A study was conducted recently in six villages of Patiala, Punjab on Stubble Burning and impacts on health.
- Pollution from stubble burning significantly reduced lung function and was particularly harmful to rural women.
- The concentrations of PM2.5, the category of unburnt carbon particles considered most harmful to respiratory health, was found to increase more than twice between the two phases, from 100 g/m3 to 250 g/m3.

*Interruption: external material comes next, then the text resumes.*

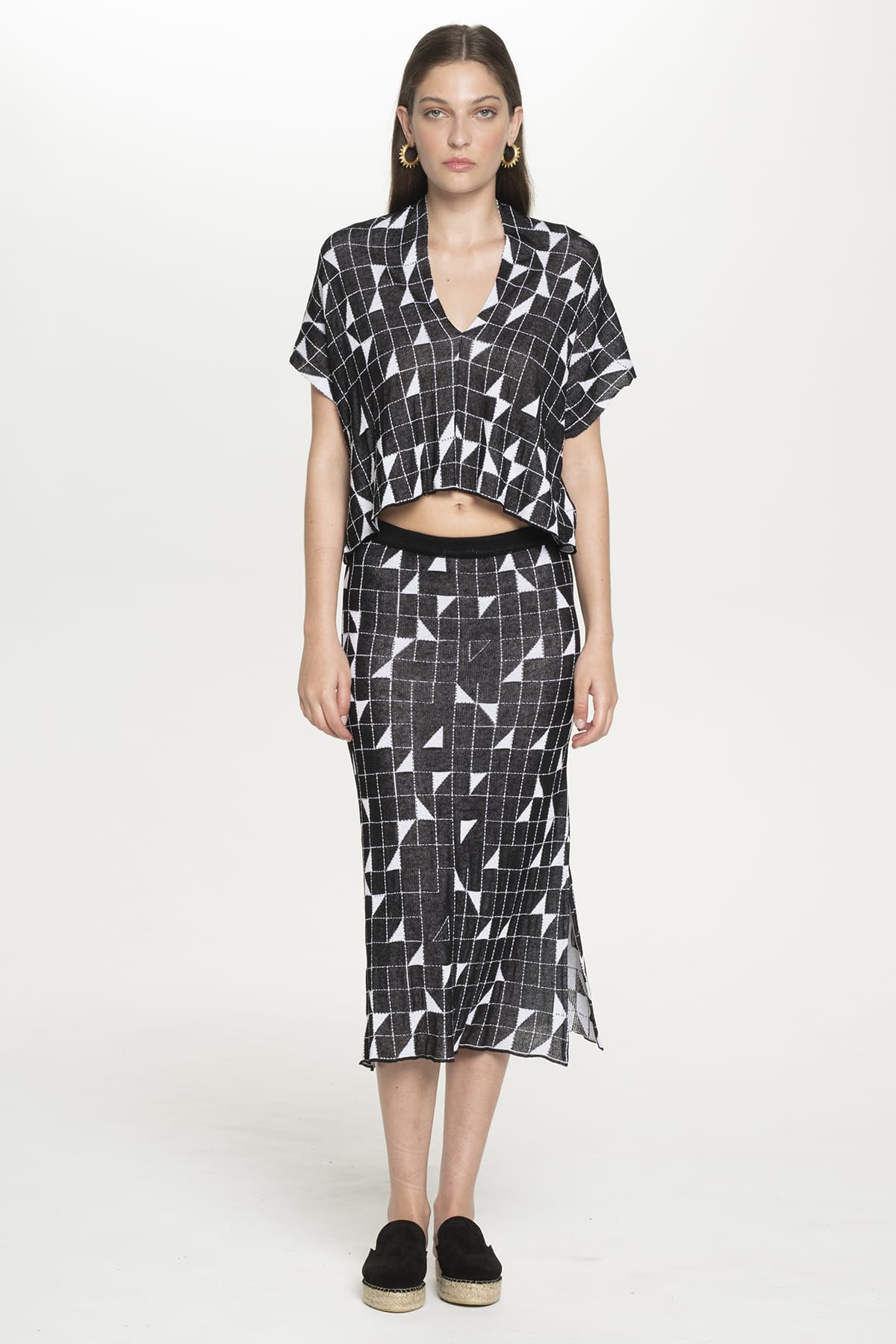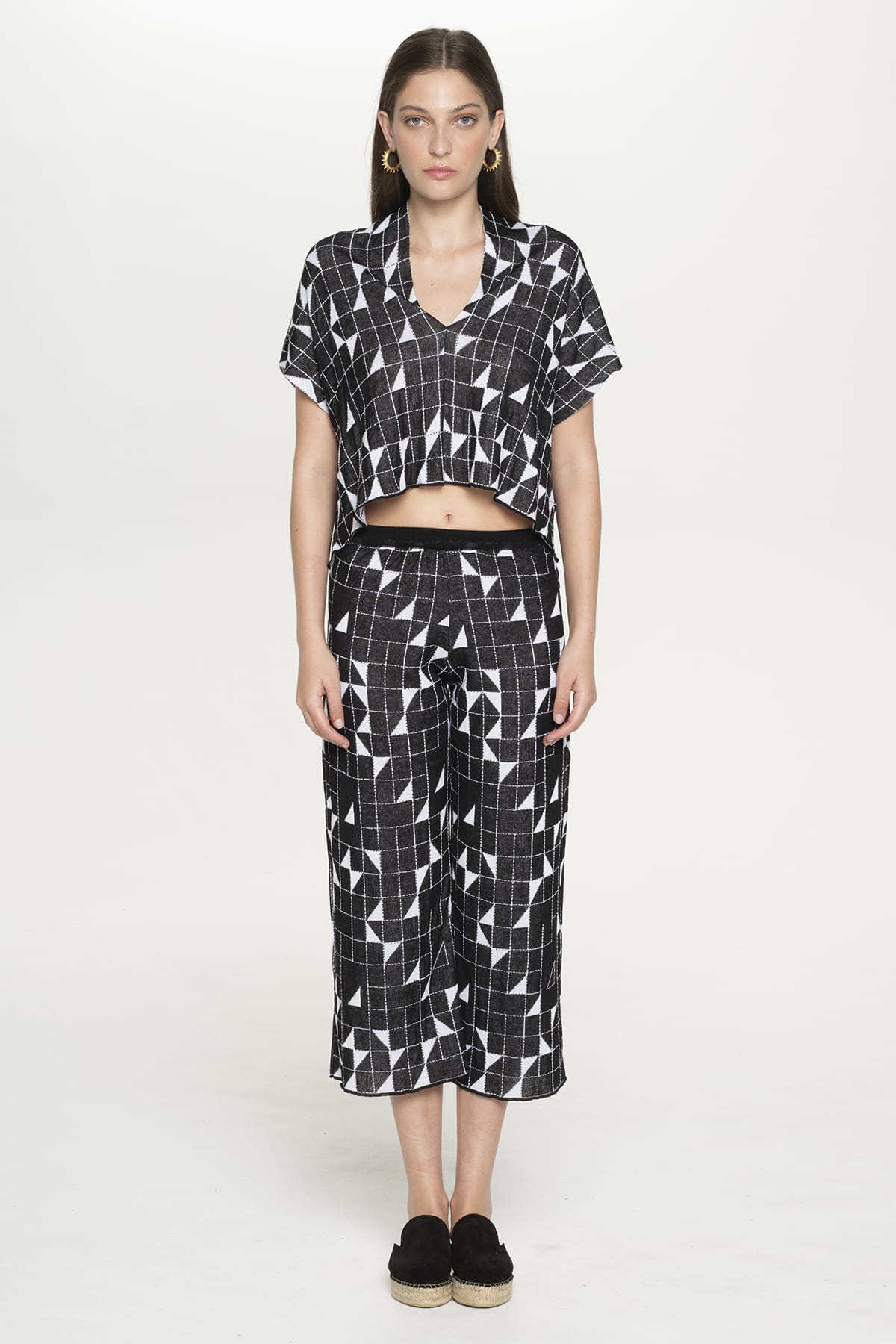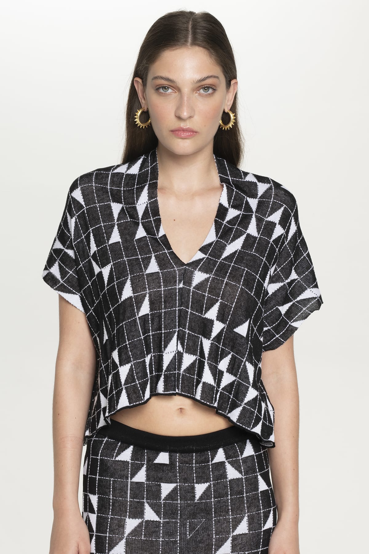 Αυτό το εντυπωσιακό crossroads μαύρο-άσπρο τοπ ενσωματώνει τη σύγχρονη ελληνική κομψότητα με τη χαλαρή V-neck σιλουέτα και τα κοντά μανίκια. Το έντονο γεωμετρικό crossroads μοτίβο εμπνέεται από τις αρχιτεκτονικές γραμμές των ελληνικών νησιών και χωριών, δημιουργώντας κομψή αντίθεση που αναβαθμίζει κάθε outfit. Το μαλακό, πλεκτό ύφασμα δημιουργεί κολακευτικό cropped μήκος που συνδυάζεται άψογα με ψηλόμεσα κομμάτια για μοντέρνο styling. Κατασκευασμένο στην Ελλάδα με τις βιώσιμες πρακτικές της Pepper Vally, αυτό το ευέλικτο κομμάτι διαθέτει premium φυσικές ίνες και καινοτόμα κατασκευή υφάσματος. Συνδυάζεται άψογα με την φούστα ή/και το σορτς στο ίδιο σχέδιο.

- During the crop residue burning period, a two to three-fold increase was noted in most of the respiratory symptoms including wheezing, breathlessness on exertion, cough in morning, cough at night, skin rashes, runny nose or itchiness of eyes etc. across all age groups (10-60 years).
- The highest number of respiratory complaints were reported by the elderly population (>40-60) and the lowest in the younger age group(>10-18) during crop burning period.
- There was decline in lung function with increase in PM2.5 concentration across all age groups even after controlling for several other exposure variables, such the influence of cooking fuel, ventilation, distance from road etc.
- It is a common practice followed by farmers to prepare fields for sowing of wheat in November as there is little time left between the harvesting of paddy and sowing of wheat.
- Stubble burning results in emission of harmful gases such carbon diaoxide, sulphur dioxide, nitrogen dioxide along with particulate matter.